Iranians hit streets again as protests enter fourth month

The United Nations says Iran's security forces have arrested at least 14,000 people so far.
3 min read
16 December, 2022
Hundreds rallied after Friday prayers in Zahedan [Getty images]

Hundreds took to the streets Friday in Iran's restive southeast, footage shared by human rights groups showed, beginning a fourth month of protests sparked by Mahsa Amini's death.

Protesters in Zahedan, the Sistan-Baluchistan provincial capital, chanted "Death to the dictator", taking aim at supreme leader Ayatollah Ali Khamenei, according to a video shared by Oslo-based Iran Human Rights (IHR) and verified by AFP.

Other images from Zahedan show crowds of men, some raising posters with anti-regime slogans, and a group of black-clad women marching down what appears to be a nearby street, also chanting slogans.

The Islamic republic has seen waves of protests since the September 16 death in custody of Amini, a 22-year-old Iranian Kurd who had been arrested for allegedly violating the country's strict dress code for women.

Hundreds of people have been killed and thousands arrested in the unrest, leading to international condemnation, sanctions and Iran's removal Wednesday from a UN women's rights body.

Sistan-Baluchistan, which lies on Iran's southeastern border with Afghanistan and Pakistan, had been the site of often deadly violence even before nationwide protests erupted.

The province's Baluchi minority, who adhere to Sunni Islam rather than the Shiite branch predominant in Iran, have long complained of discrimination.

US-based rights group HRANA said hundreds rallied after Friday prayers in Zahedan, which has seen weekly protests since the security forces killed more than 90 people in the city on September 30, in what has been dubbed "Bloody Friday".

The trigger for that violence was the alleged rape in custody of a 15-year-old girl by a police commander in the province's port city of Chabahar.

But analysts say Baluchis were inspired by the protests that flared over Amini's death, which were initially driven by women's rights but have expanded to include other grievances.

Hundreds killed

Last week, a cleric was killed after being kidnapped from his mosque in Khash, a town in Sistan-Baluchistan.

Zahedan chief prosecutor Mehdi Shamsabadi said on Tuesday that the cleric Abdulwahed Rigi's killers had been arrested after allegedly seeking to stir trouble between Sunnis and Shiites.

The largely peaceful demonstrations sparked by Amini's death have been met with a crackdown by the Iranian security forces that has killed at least 458 protesters, according a toll issued on December 7 by the Norway-based IHR.

Iran's top security body, the Supreme National Security Council, said on December 3 that more than 200 people had been killed in the street violence, including security personnel.

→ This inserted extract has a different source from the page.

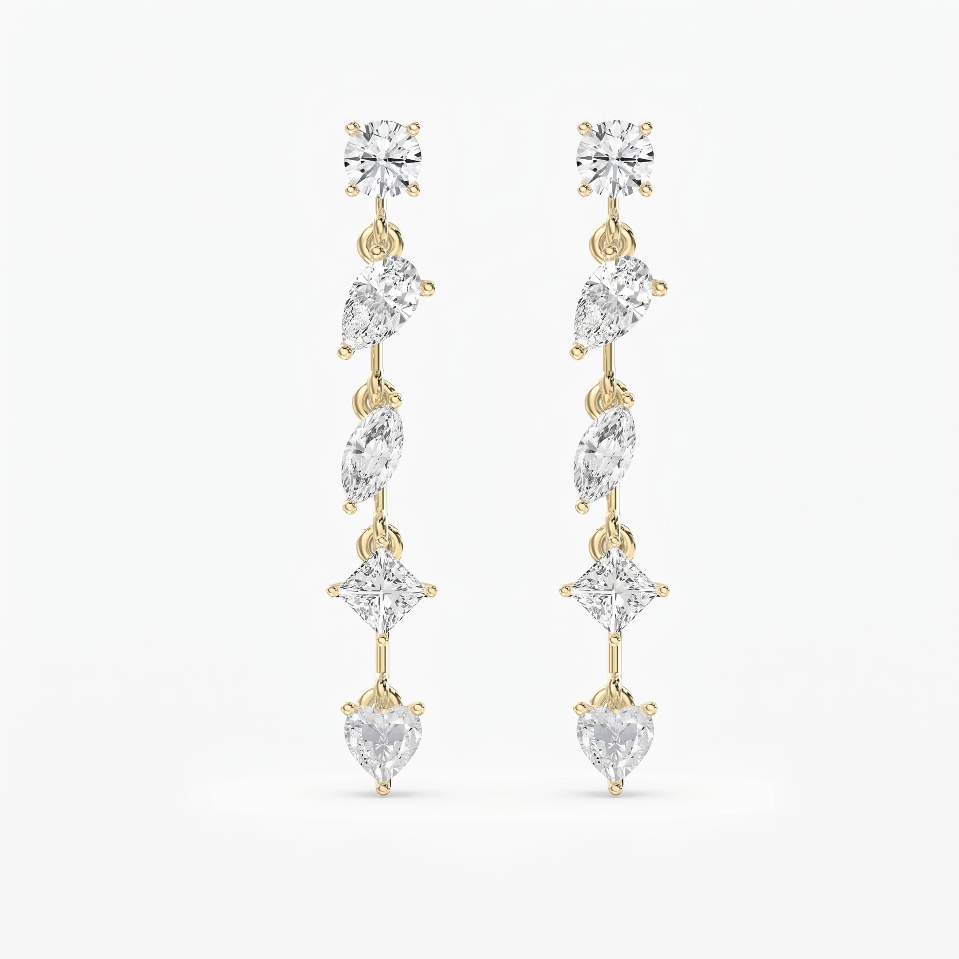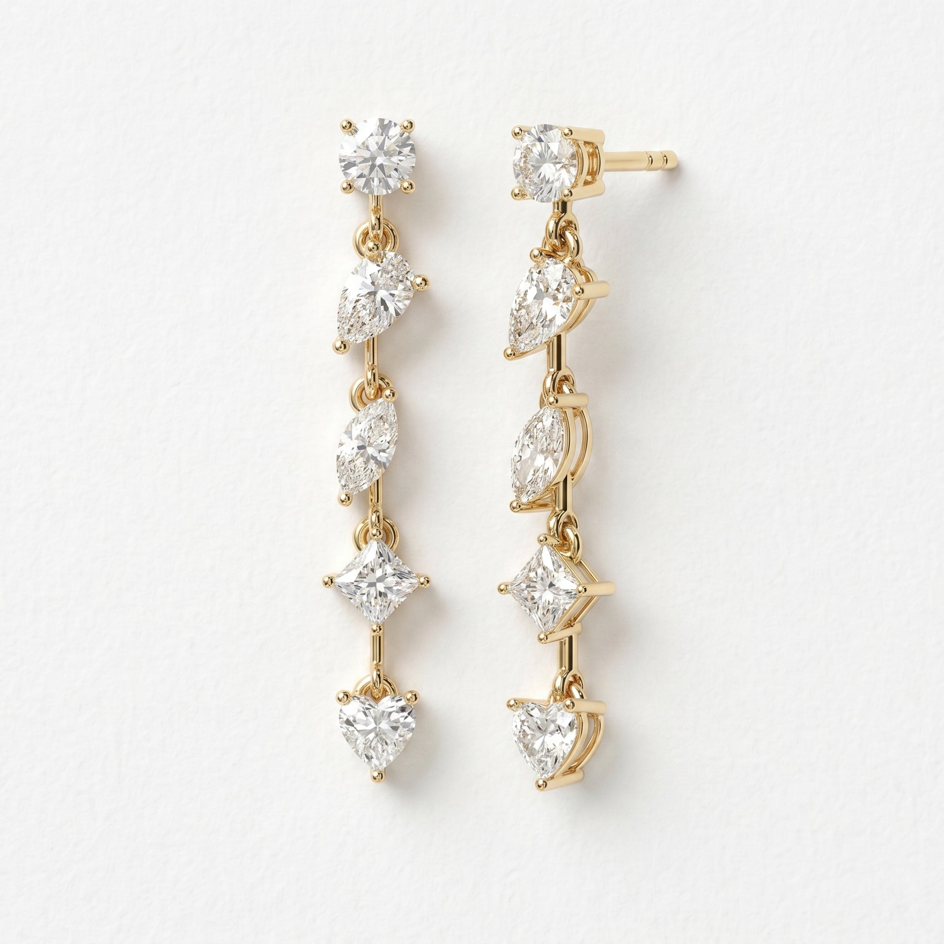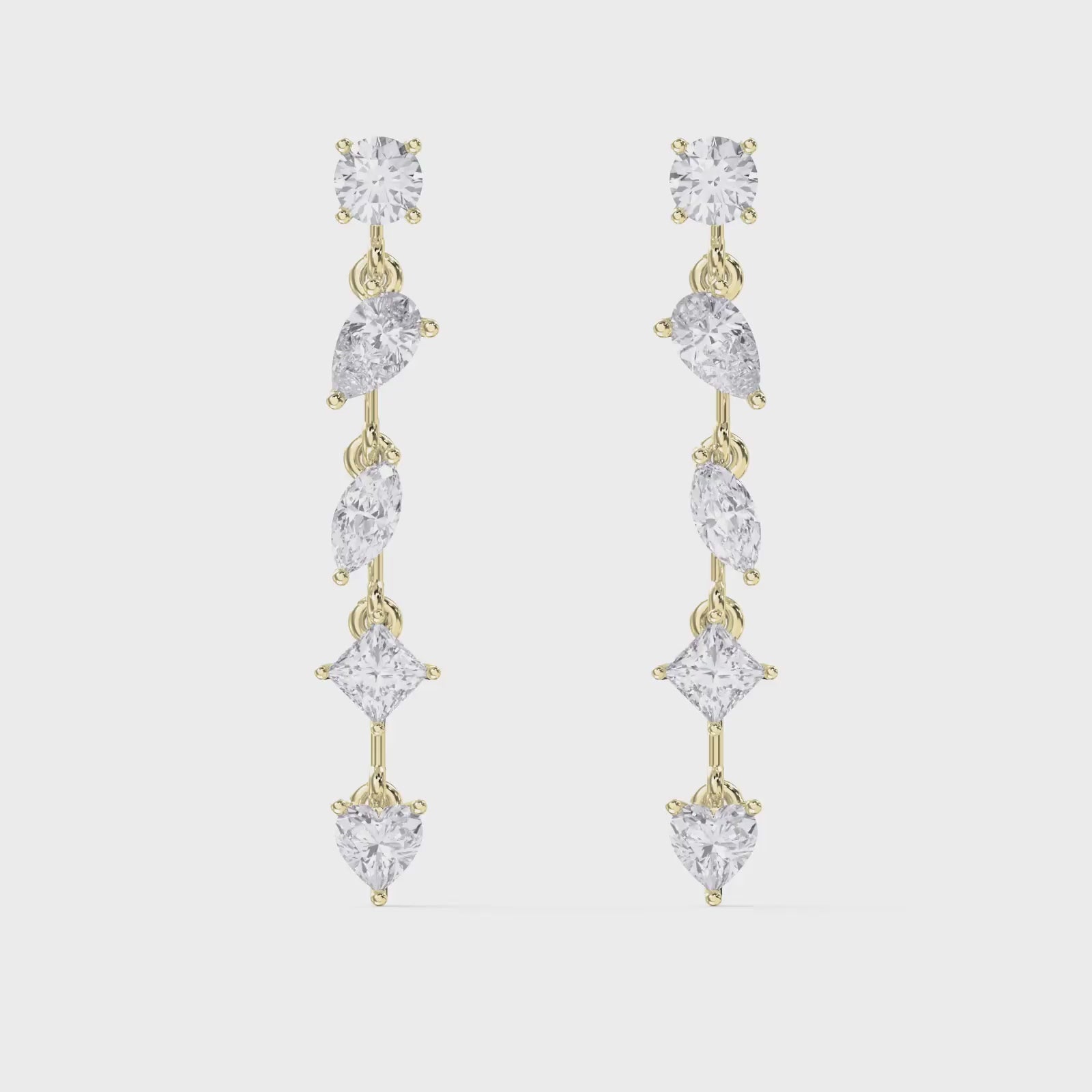 Add an artful sparkle to your jewelry collection with these stunning Drop and Dangle Earrings, featuring an enchanting medley of heart, round, pear, princess, and marquise-shaped diamonds. Designed to celebrate diversity in brilliance and form, each diamond shape adds a unique character and charm to the piece.

The United Nations says Iran's security forces have arrested at least 14,000 people.

Iran's judiciary said it has handed down 11 death sentences in connection with the protests.

Iran executed Mohsen Shekari on December 8 and Majidreza Rahnavard on Monday. Both were 23 years old. The latter was hanged in public rather than in prison as has been usual in the Islamic republic in recent years.

Amnesty International said on Friday that at least 26 people are at risk of execution in connection with the protests in Iran, which according to the London-based rights group is already the world's most prolific user of the death penalty after China.

EU sanctions

Ultraconservative cleric Ahmad Khatami lashed out at the European Union on Friday after the bloc slapped him with sanctions over what it called "repression against protesters".

Khatami was sanctioned for allegedly inciting violence against protesters, including demanding the death penalty.

During a Friday sermon in Tehran, the cleric said the EU had a "black" human rights record, state news agency IRNA reported.

The EU "is on the top of the list of human rights violators", Khatami charged.

Iran's foreign ministry on Thursday condemned the EU measures, branding them "unacceptable and groundless".